- _Given records_
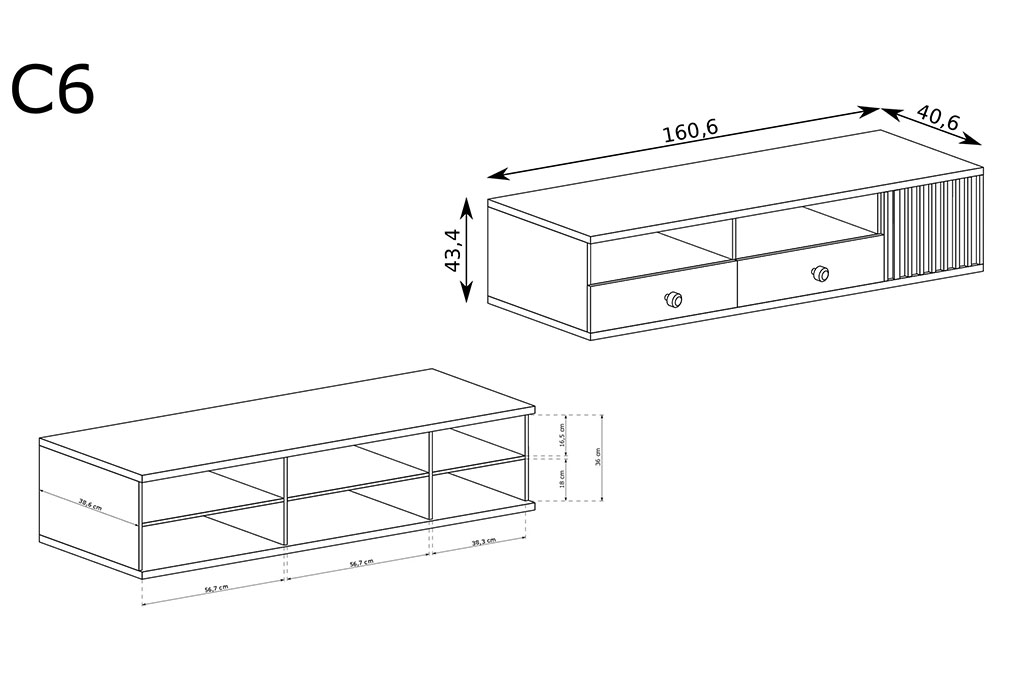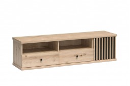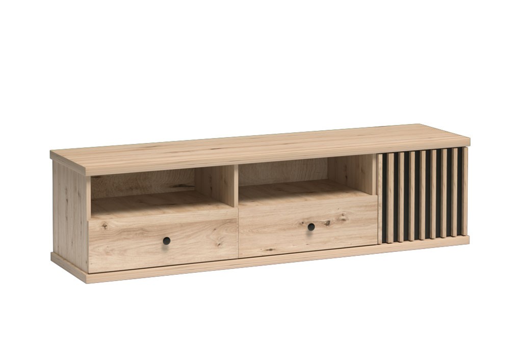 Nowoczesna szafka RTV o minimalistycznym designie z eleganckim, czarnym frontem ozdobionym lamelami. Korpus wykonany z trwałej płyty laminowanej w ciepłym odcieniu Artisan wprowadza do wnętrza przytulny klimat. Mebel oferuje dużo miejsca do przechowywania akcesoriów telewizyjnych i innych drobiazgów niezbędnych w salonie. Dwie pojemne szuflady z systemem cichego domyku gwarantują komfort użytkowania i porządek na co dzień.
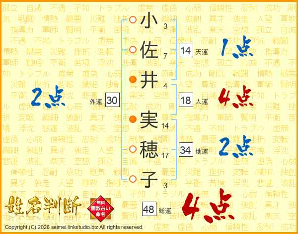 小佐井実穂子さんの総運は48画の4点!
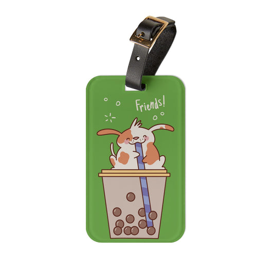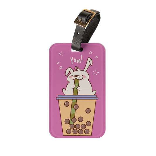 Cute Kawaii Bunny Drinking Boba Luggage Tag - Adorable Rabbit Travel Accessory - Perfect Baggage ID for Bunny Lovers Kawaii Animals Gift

---

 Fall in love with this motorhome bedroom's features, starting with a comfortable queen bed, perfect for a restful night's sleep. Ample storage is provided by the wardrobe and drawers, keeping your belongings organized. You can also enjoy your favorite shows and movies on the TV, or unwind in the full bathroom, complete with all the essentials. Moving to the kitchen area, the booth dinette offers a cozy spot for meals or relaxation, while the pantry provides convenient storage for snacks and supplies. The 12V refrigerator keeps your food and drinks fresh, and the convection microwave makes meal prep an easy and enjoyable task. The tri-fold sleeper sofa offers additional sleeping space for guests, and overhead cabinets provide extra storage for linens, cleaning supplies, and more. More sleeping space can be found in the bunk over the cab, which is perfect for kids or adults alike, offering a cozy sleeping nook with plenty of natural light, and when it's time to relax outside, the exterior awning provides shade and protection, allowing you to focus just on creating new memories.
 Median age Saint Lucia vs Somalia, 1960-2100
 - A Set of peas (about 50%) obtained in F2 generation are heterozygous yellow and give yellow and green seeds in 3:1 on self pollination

- _Your goal_
In the entries above, find the line with "Nowoczesna szafka RTV" and the line with "Cute Kawaii Bunny". Write out exactly those two lines and every line between them, pictures excluded.

- _Output of the task_
 Nowoczesna szafka RTV o minimalistycznym designie z eleganckim, czarnym frontem ozdobionym lamelami. Korpus wykonany z trwałej płyty laminowanej w ciepłym odcieniu Artisan wprowadza do wnętrza przytulny klimat. Mebel oferuje dużo miejsca do przechowywania akcesoriów telewizyjnych i innych drobiazgów niezbędnych w salonie. Dwie pojemne szuflady z systemem cichego domyku gwarantują komfort użytkowania i porządek na co dzień.
 小佐井実穂子さんの総運は48画の4点!
 Cute Kawaii Bunny Drinking Boba Luggage Tag - Adorable Rabbit Travel Accessory - Perfect Baggage ID for Bunny Lovers Kawaii Animals Gift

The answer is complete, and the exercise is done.